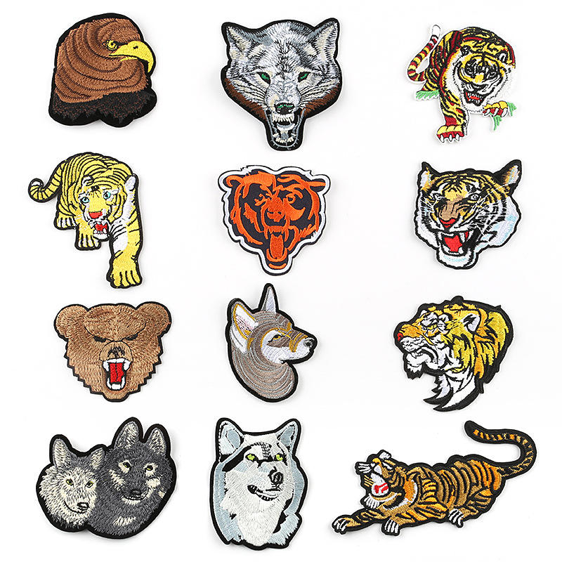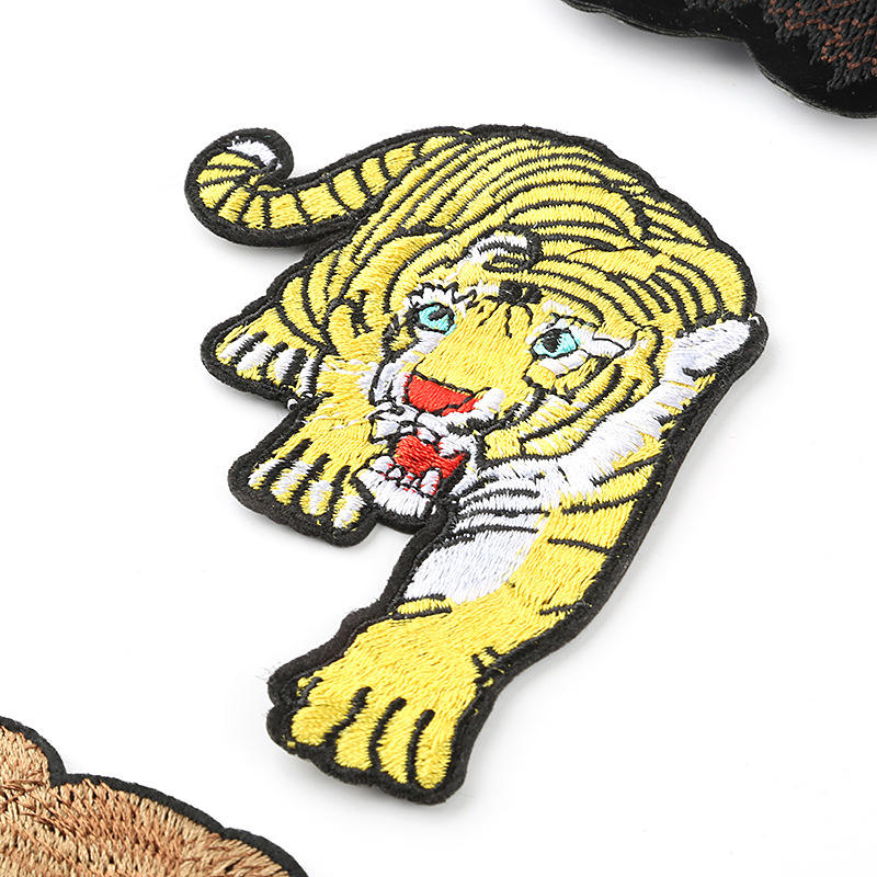 Parches Bordados por Computadora, Etiquetas de Flores, Accesorios de Ropa, Animales, Tigres, Perros, Pegatinas, Parches de Tela Bordados DIY
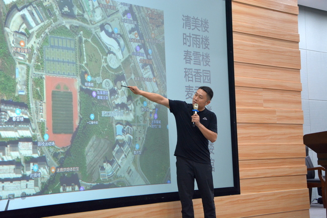 张玉龙副书记为新生介绍了公司的主要区域,通过一张公司的全景图生动地向新生们讲解了教学楼、食堂、寝室楼的具体位置,使新生快速地了解和熟悉公司的基本构造。
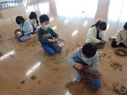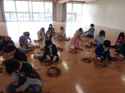 いよいよ、つるを輪にする作業です。アサガオのつるだけではボリュームが足りないだろうと、前年度に体験した2年生から、サツマイモのつるをプレゼントされました。おかげで、よりリースらしいボリュームが出ました。子供たちは、思い思いの大きさの輪に仕上げました。
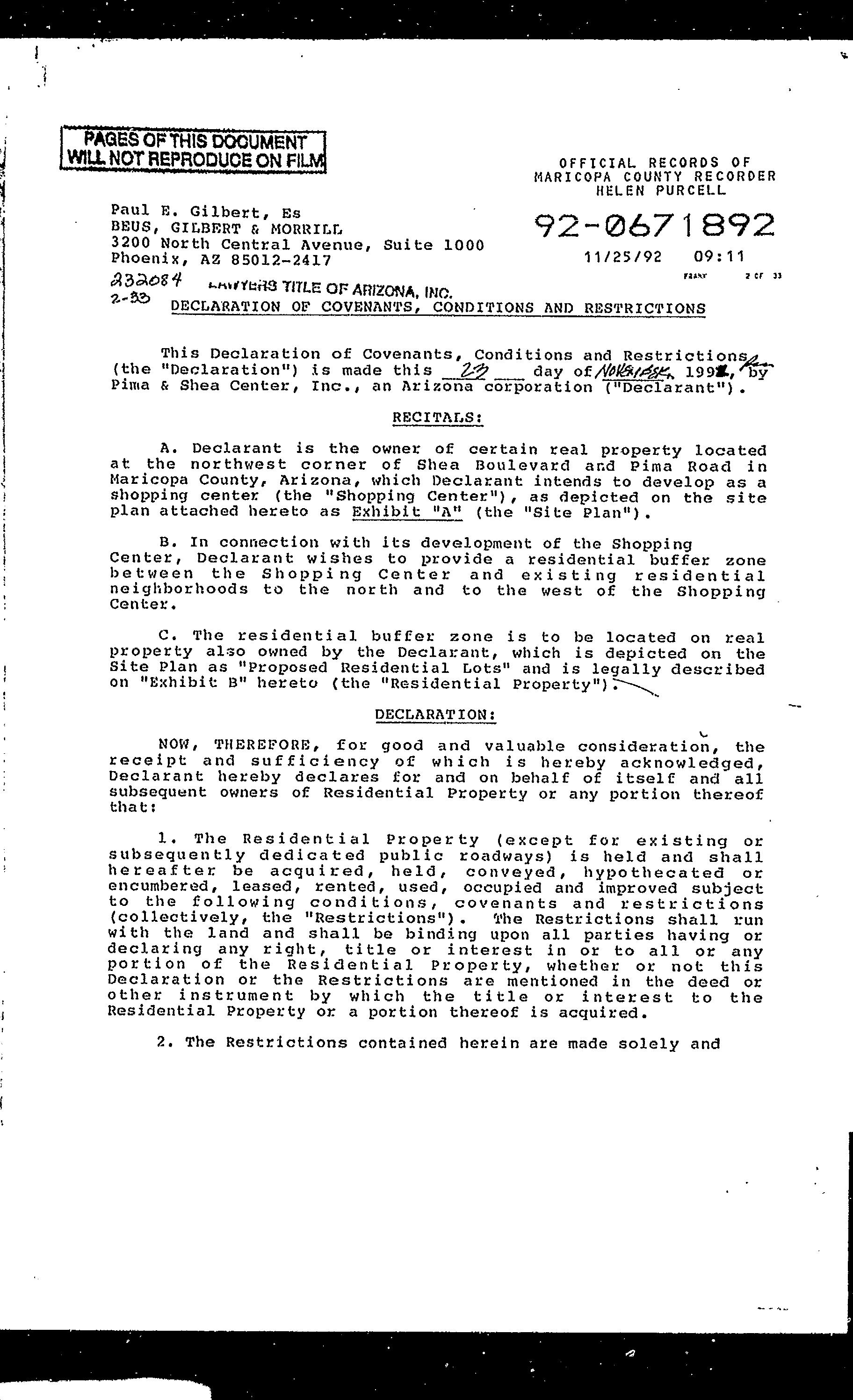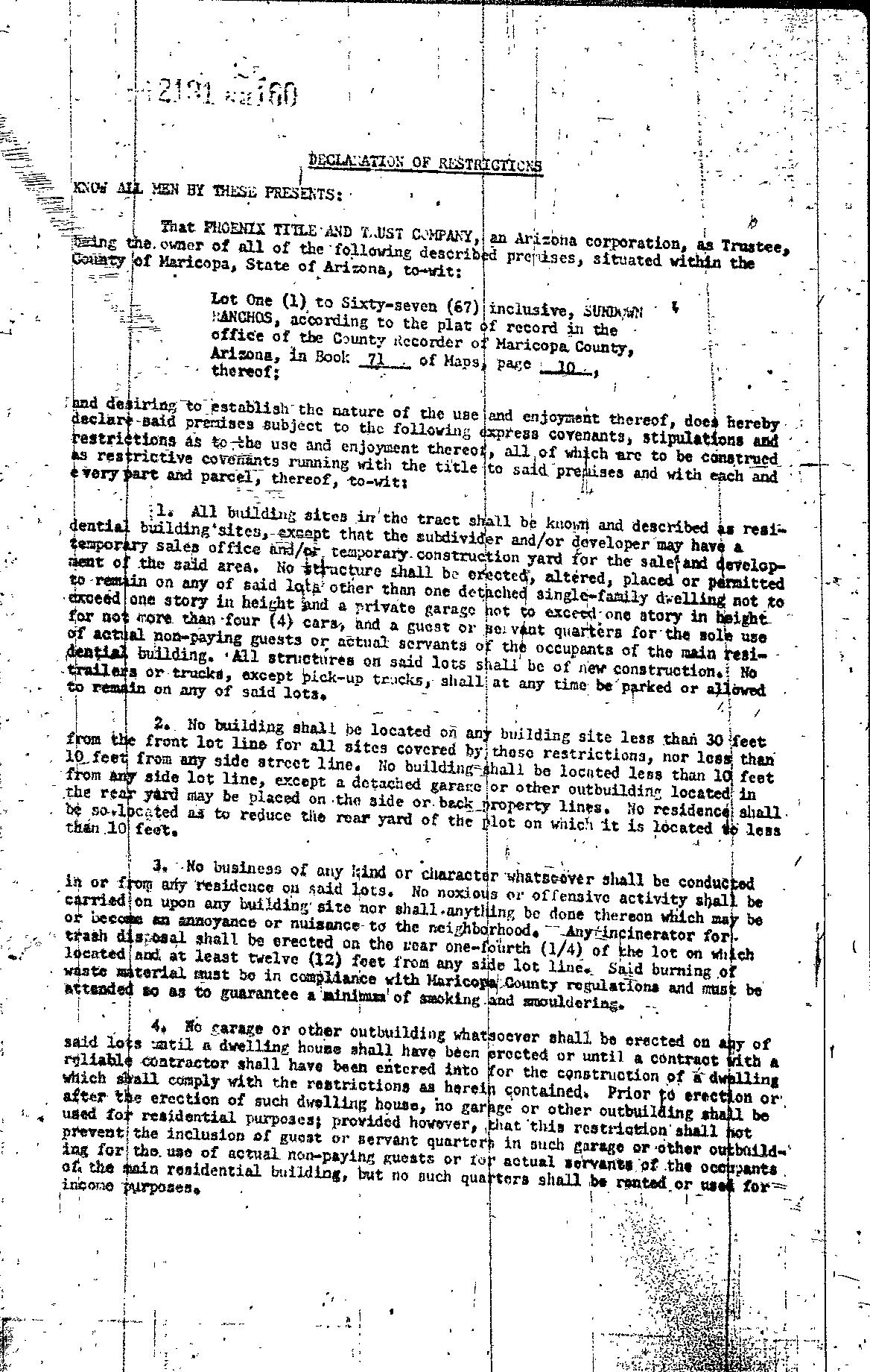 ConditionsCovenants,&Restrictions Thank you for the opportunity to be of service. Restrictions indicating a preference, limitation or discrimination based on race, color, religion, sex, handicap, familial status, or national origin are hereby deleted to the extent such restrictions violate 42 USC 3604(c). This information is furnished without fee and without benefit of a complete title search. No liability is assumed by First American Title or Title Security. If it is desired that liability be assumed, you may apply for a policy of title insurance with First American Title Insurance Company.
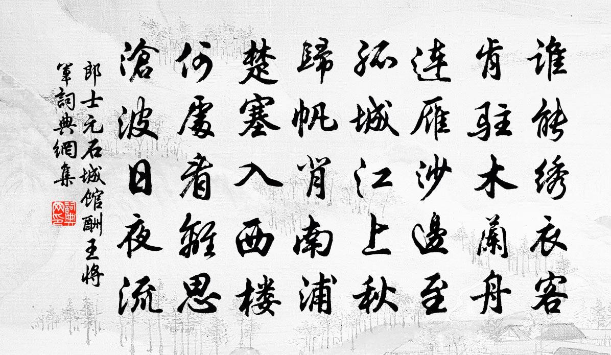 詩詞名句歷史字典書法欣賞書法字典國語詞典說文解字康熙字典古漢語字典標 題 作 者 詩 句 石城館酬王將軍作者:郎士元 朝代:唐代石城館酬王將軍原文誰能繡衣客,肯駐木蘭舟。連雁沙邊至,孤城江上秋。歸帆背南浦,楚塞入西樓。何處看離思,滄波日夜流。詩詞問答問:石城館酬王將軍的作者是誰?答:郎士元問:石城館酬王將軍寫於哪個朝代?答:唐代問:石城館酬王將軍是什麼體裁?答:五律郎士元石城館酬王將軍書法欣賞石城館酬王將軍書法作品注釋全唐詩:卷248_25詩詞推薦慶張君俞都尉留後得子秦觀〔宋代〕天上 * 玉作樓,蟠桃熟後更無憂。內家報喜車凌曉,太史占祥斗掛秋。龍得一珠應獻佛,虎生三日便吞牛。魯元送李季才戶部出守衡陽程公許〔宋代〕君來我去國,我還君得州。世事巧違人,參辰不同謀。庚午蜀貢琛,君亞龍頭。迴翔三十的,班序晚見收。邊聲震程閣學知建寧府入對二首趙蕃〔宋代〕日邊飛下詔黃新,大府潛藩屬老成。一代儒宗還北闕,十年法從對延英。從容定有回天力,咫尺重聞曳履聲。便覺漁家傲(再用前韻)吳潛〔宋代〕遍閱芳園閒半晝。殘花尚有榴裙皺。倦鳥投林雲返岫。人影瘦。可憐身世為他囿。燕子飛來還憶舊。回頭又是梅黃沁園春(二月二日壽玉林)馮取洽〔宋代〕稟氣之中,具聖之和,生逢令辰。算三春仲月,方才破二,百年大齊,恰則平分。立玉林深,散花庵小,中有然自煙波即事陸游〔宋代〕短髮垂肩不裹巾,世人誰識此翁真?阻風江浦詩成束,賣藥山城醉過春。寄題俞伯南所居希賢陳文蔚〔宋代〕毋為陵學山,當為川學海。尹重貴自任,顏樂誓不改。學無學頌一十五首釋印肅〔宋代〕昨夜三更日卓中,滿天星斗雨濛濛。三門佛殿相攜手,要去西天路不通。清平樂 壽內韓奕〔元代〕爐煙拂拂。生願長同室。還度新腔調舊瑟。四十三年今日。當初黃卷相逢。後來紅線相從。此去白頭相守,榴花無句嚴中和〔宋代〕畫扇題詩鸞背濕,銅彝煎腦鴨心香。元日過丹陽明日立春寄魯元翰蘇軾〔宋代〕堆盤紅縷細茵陳,巧與椒花兩斗新。竹馬異時寧信老,土牛明日莫辭春。西湖弄水猶應早,北寺觀燈欲及辰。白髮至陳倉曉晴望京邑盧照鄰〔唐代〕佛曙驅飛傳,初晴帶曉涼。霧斂長安樹,雲歸仙帝鄉。澗流漂素沫,岩景靄朱光。今朝好風色,延瞰極天莊。春菊史鑄〔宋代〕莫論園蔬口目卑,花開不減菊幽奇。燦然金色仍堪采,春老恰如秋老時。次韻嚴子文旅中見贈范成大〔宋代〕杯中疇昔共江天,傾座新詩報警聯。海浦寸心空共月,京華雙鬢各凋年。交情敢說同方友,句法甘從弟子員。有意乙亥冬彭秋宇〔宋代〕禍亂方來苦不禁,此生誰料有如今。四郊雲擾旌旗影,諸閫風寒社稷心。杞國有人憂凜凜,桃源無路入深深。少陵追和沈遼贈南華詩蘇軾〔宋代〕善哉彼上人,了知明鏡台。歡然不我厭,肯致遠公材。莞爾無心雲,胡為出岫來。一堂安寂滅,卒歲扃蒼苔。和克家侄謝周鳳隱雪中留宿韻柴元彪〔宋代〕遙指龜峰擬問津,芒鞋踏碎玉嶙峋。去程暮雪留行客,回首春風有故人。三酌茅柴斟白墮,一爐榾柮當烏薪。饒他送王宗望郎中赴河東漕蘇轍〔宋代〕春初戎馬掠河壖,屬國倉皇不解鞍。未免驅民饋邊食,旋聞奉使輟郎官。年高轉覺精神勝,慮穩要令事業安。持節南湖書院趙汝譡〔宋代〕捍川始成邑,巡甸遂建都。千載倚修堤,三吳達高塗。衛軍弛馬牧,令尹司官湖。濬中深有蓄,豐外堅無虞。往昔偈頌二十五首釋如淨〔宋代〕天童仲冬第一句,槎槎牙牙老梅樹。忽開花,一花兩花三四五花無數花。清不可夸,香不可夸。散作春容吹草木,名句推薦獨自下層樓,樓下蛩聲怨。程垓《卜運算元·獨自上層樓》 寢興目存形,遺音猶在耳。潘安《悼亡詩三首》 章台柳,章台柳,昔日青青今在否?韓翃《章台柳·寄柳氏》 靜女其姝,俟我於城隅。佚名《靜女》 兒童急走追黃蝶,飛入菜花無處尋。楊萬里《宿新市徐公店》 高岸為谷,深谷為陵。佚名《十月之交》 鵲辭穿線月,花入曝衣樓。李賀《七夕》 天下未有不學而成者也。王通《中說·卷六·禮樂篇》 草木也知愁,韶華竟白頭。曹雪芹《唐多令·柳絮》 一事真,百事真。馮夢龍《醒世恆言·卷十六》
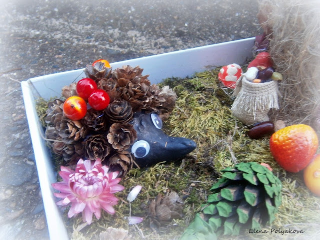 Ёжик из шишек лиственницы, запасливый - ягодки, яблочки несет домой...
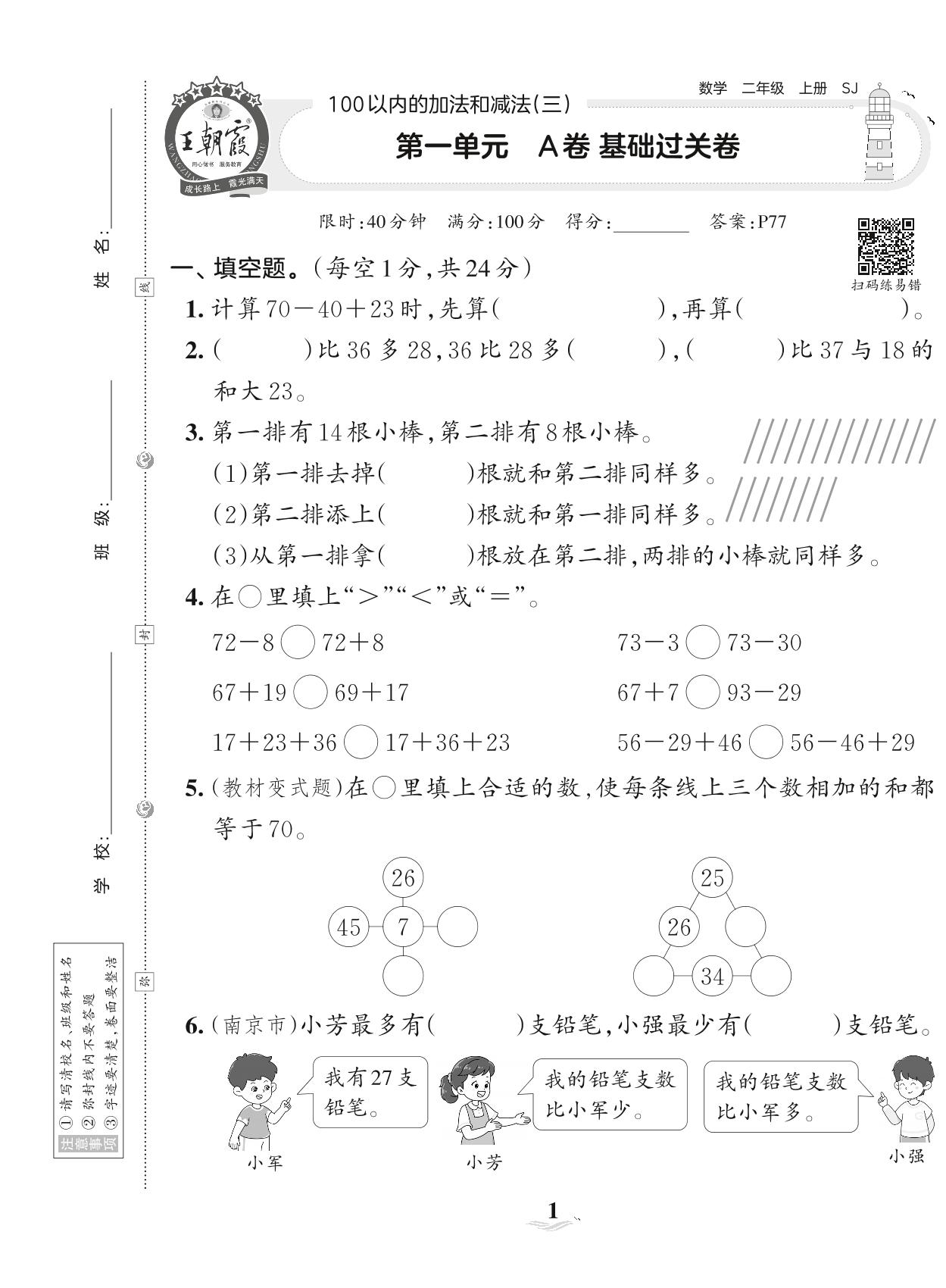2023上册二年级数学苏教版 第一单元 A卷 基础过关卷
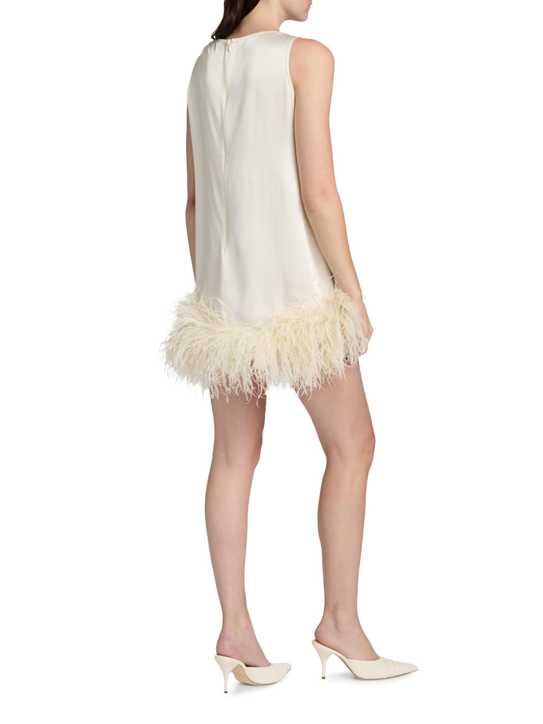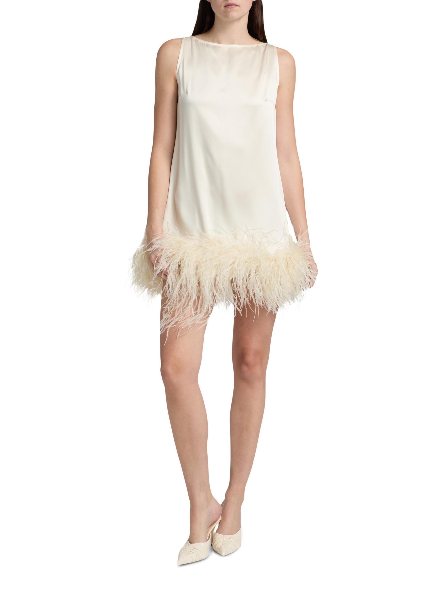 Crafted of satin, this playful shift minidress from LaPointe highlights the hem with a tonal feather trim, adding a fluffy layer to its sleek design. This '60s-inspired style features a bateau neckline and a sleeveless cut.

--*--

All that is needed is the exact run of lines from the start of the material above through the one containing "ConditionsCovenants,&Restrictions Thank you", pictures left out.

ANSWER SPACE:
 Parches Bordados por Computadora, Etiquetas de Flores, Accesorios de Ropa, Animales, Tigres, Perros, Pegatinas, Parches de Tela Bordados DIY
 张玉龙副书记为新生介绍了公司的主要区域,通过一张公司的全景图生动地向新生们讲解了教学楼、食堂、寝室楼的具体位置,使新生快速地了解和熟悉公司的基本构造。
 いよいよ、つるを輪にする作業です。アサガオのつるだけではボリュームが足りないだろうと、前年度に体験した2年生から、サツマイモのつるをプレゼントされました。おかげで、よりリースらしいボリュームが出ました。子供たちは、思い思いの大きさの輪に仕上げました。
 ConditionsCovenants,&Restrictions Thank you for the opportunity to be of service. Restrictions indicating a preference, limitation or discrimination based on race, color, religion, sex, handicap, familial status, or national origin are hereby deleted to the extent such restrictions violate 42 USC 3604(c). This information is furnished without fee and without benefit of a complete title search. No liability is assumed by First American Title or Title Security. If it is desired that liability be assumed, you may apply for a policy of title insurance with First American Title Insurance Company.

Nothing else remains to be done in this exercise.